|Reviews for Imprisoned|
| rebelwilla chapter 2 . 7/18/2006
Wow can't wait to read what happens next!
| Forlorn Maiden chapter 2 . 7/13/2006
Oh my gosh you have to update
| Jonnoda chapter 2 . 7/13/2006
Oh... now this has potential, a Sozula fic where both characters are in character... most impressive... and intruiging.
Please write more, I originally wasn't expectign much but this has really caught my attention.
| MsJimmy chapter 2 . 7/12/2006
Hey this is really good. I love this pairing and I'm loving the story so far. I actually read it twice :P The characters arn't OOC at all. I think you did an awesome job capturing Azula's attitude with the whole confidence and I'm better than you type thing lol. Sokka too. I can just see him acting the way he does. Excellent job and keep writing. Can't wait for the next chapter.
| bansheeblue13 chapter 2 . 7/11/2006
hot hot hot! You're just on fire! I don't think the characters seemed OOC abit. I need another chapter now!
| loaned chapter 2 . 7/11/2006
Nope, they aren't. Keep up the good work! Can't wait for the next chapter.
| bansheeblue13 chapter 1 . 7/10/2006
heaven-sent is what you are! :) There's just not enough good Sokkla out there, but that may change w/time b/c this pairing is picking up steam...it probably just needs some more time. Can't wait for the next chapter though...excellent work! Bravo!

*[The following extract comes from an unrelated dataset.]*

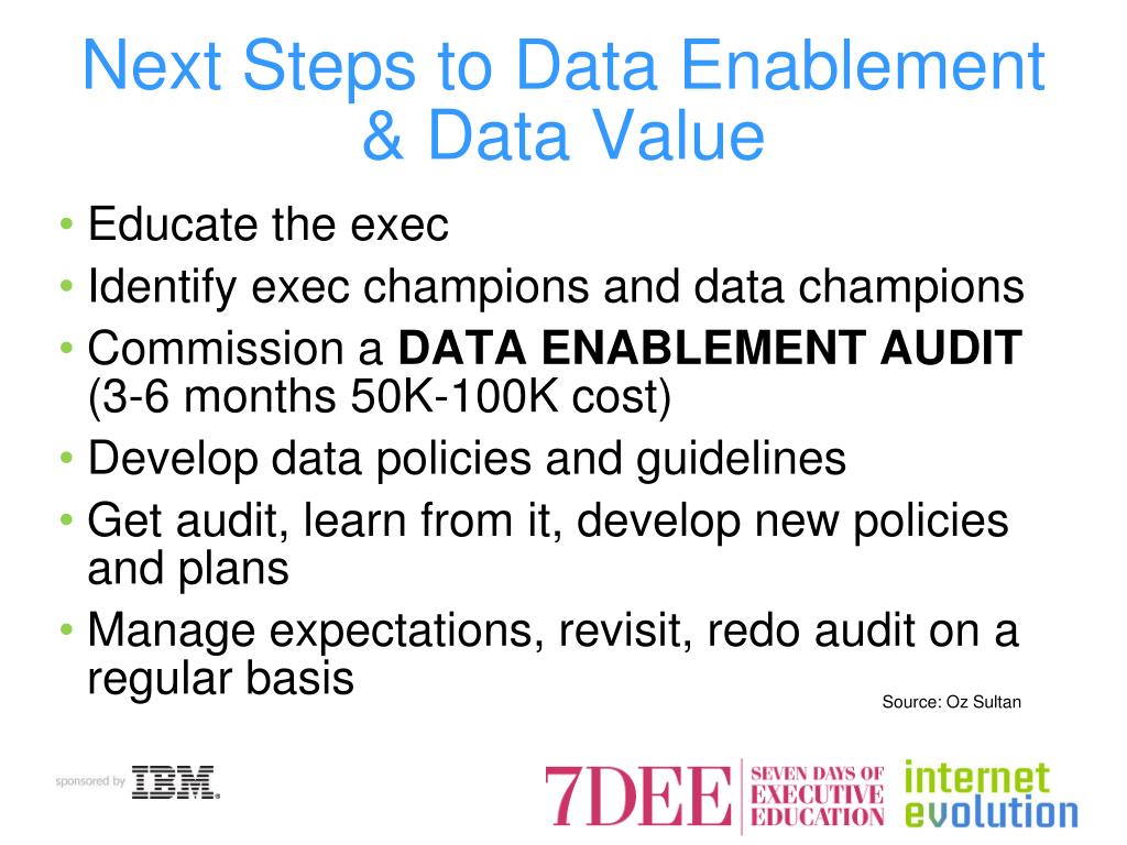 Next Steps to Data Enablement & Data Value • Educate the exec • Identify exec champions and data champions • Commission a DATA ENABLEMENT AUDIT (3-6 months 50K-100K cost) • Develop data policies and guidelines • Get audit, learn from it, develop new policies and plans • Manage expectations, revisit, redo audit on a regular basis Source: Oz Sultan

| midnight972 chapter 1 . 7/9/2006
GREAT! i love it so far,update soon D
| ardy1 chapter 1 . 7/9/2006
This is an interesting beginning. Despite the generally smooth language you have been a bit sloppy in word use (e.g. using "knew" when you mean "new" and "dew" when you mean "due"). This is annoying for the reader, and distracts from the story-line.
Keep writing, but do some better proofing - you don't want to lose readers who get frustrated.
| Julia451 chapter 1 . 7/9/2006
Just what I've been waiting for. It doesn't get much better than this. I hope you'll keep it going, I really do.
| Dungeonwriter chapter 1 . 7/9/2006
I can't help but be very curious at where you are heading. You captured Azula's voice pretty well, I am impresed. Nice job!
| loaned chapter 1 . 7/9/2006
,. Good story, keep up the good work!